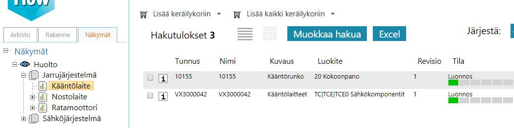 - Objektit löytyvät edelleen Arkisto-välilehdeltä objektityyppien ja luokitteiden perusteella.
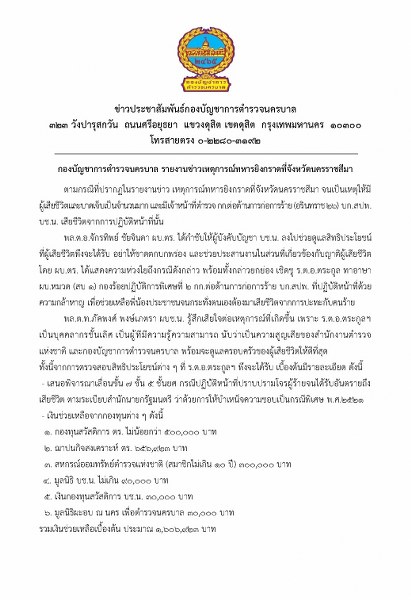 กองบัญชาการตำรวจนครบาล รายงานข่าวเหตุการณ์ทหารยิงกราดที่จังหวัดนครราชสีมา
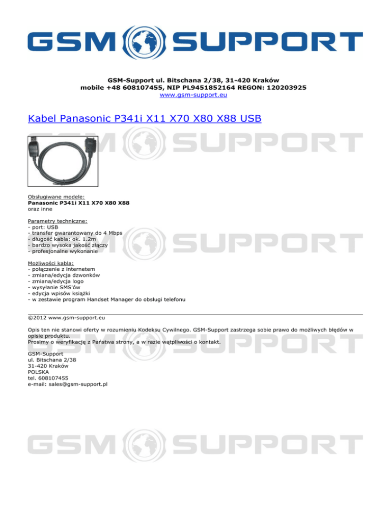 GSM-Support ul. Bitschana 2/38, 31-420 Kraków mobile +48 608107455, NIP PL9451852164 REGON: 120203925 www.gsm-support.eu Kabel Panasonic P341i X11 X70 X80 X88 USB Obsługiwane modele: Panasonic P341i X11 X70 X80 X88 oraz inne Parametry techniczne: - port: USB - transfer gwarantowany do 4 Mbps - długość kabla: ok. 1.2m - bardzo wysoka jakość złączy - profesjonalne wykonanie Możliwości kabla: - połączenie z internetem - zmiana/edycja dzwonków - zmiana/edycja logo - wysyłanie SMS'ów - edycja wpisów książki - w zestawie program Handset Manager do obsługi telefonu ©2012 www.gsm-support.eu Opis ten nie stanowi oferty w rozumieniu Kodeksu Cywilnego. GSM-Support zastrzega sobie prawo do możliwych błędów w opisie produktu. Prosimy o weryfikację z Państwa strony, a w razie wątpliwości o kontakt. GSM-Support ul. Bitschana 2/38 31-420 Kraków POLSKA tel. 608107455 e-mail: [email protected] Powered by TCPDF (www.tcpdf.org)
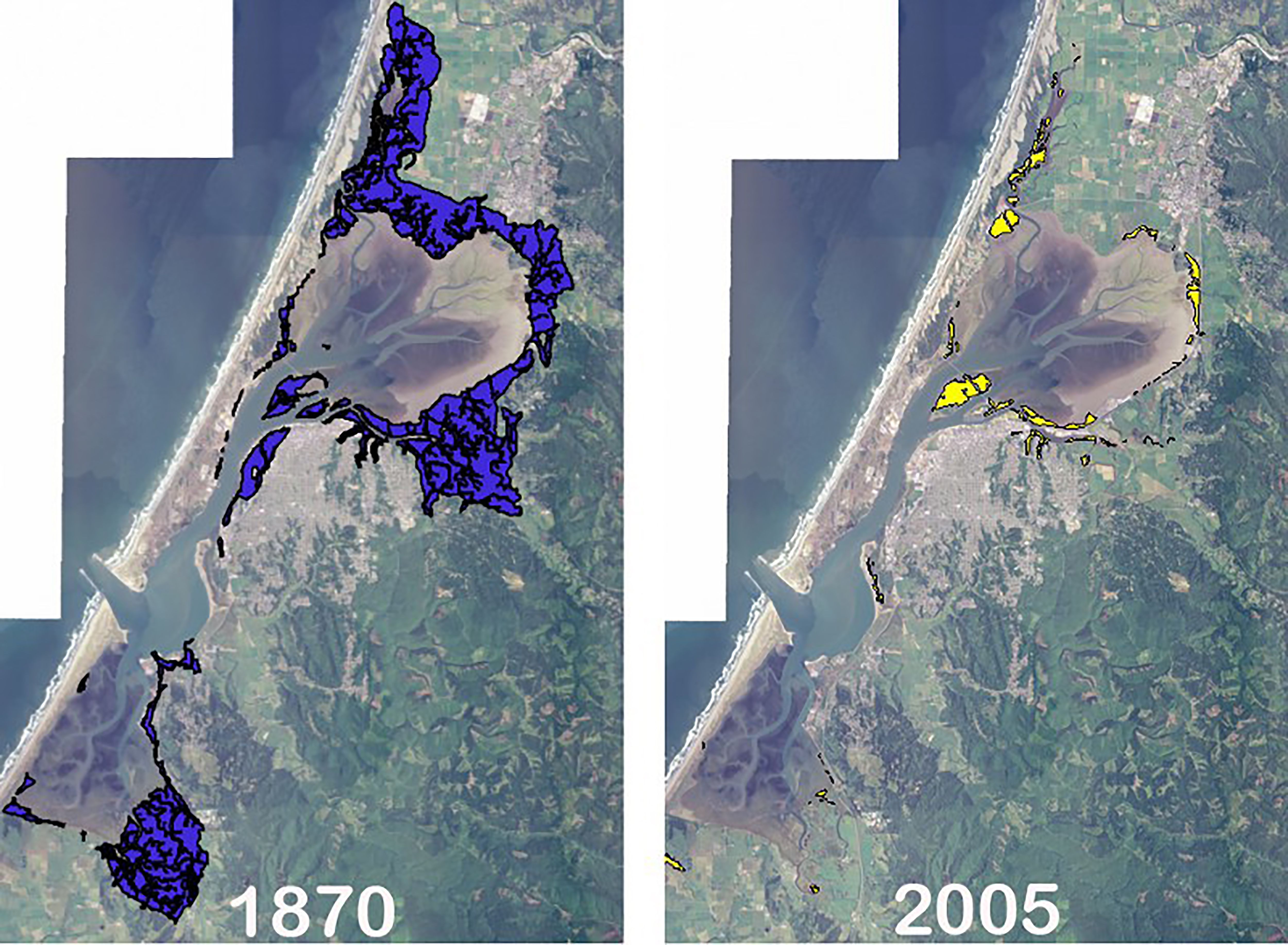 Comparison of salt marsh coverage 1870 to 2005 in Humboldt Bay, California.

> _What is needed_
Give again, exactly, the lines from the start of the data through the one holding "กองบัญชาการตำร"; omit the pictures.

> _The completed task_
 - Objektit löytyvät edelleen Arkisto-välilehdeltä objektityyppien ja luokitteiden perusteella.
 กองบัญชาการตำรวจนครบาล รายงานข่าวเหตุการณ์ทหารยิงกราดที่จังหวัดนครราชสีมา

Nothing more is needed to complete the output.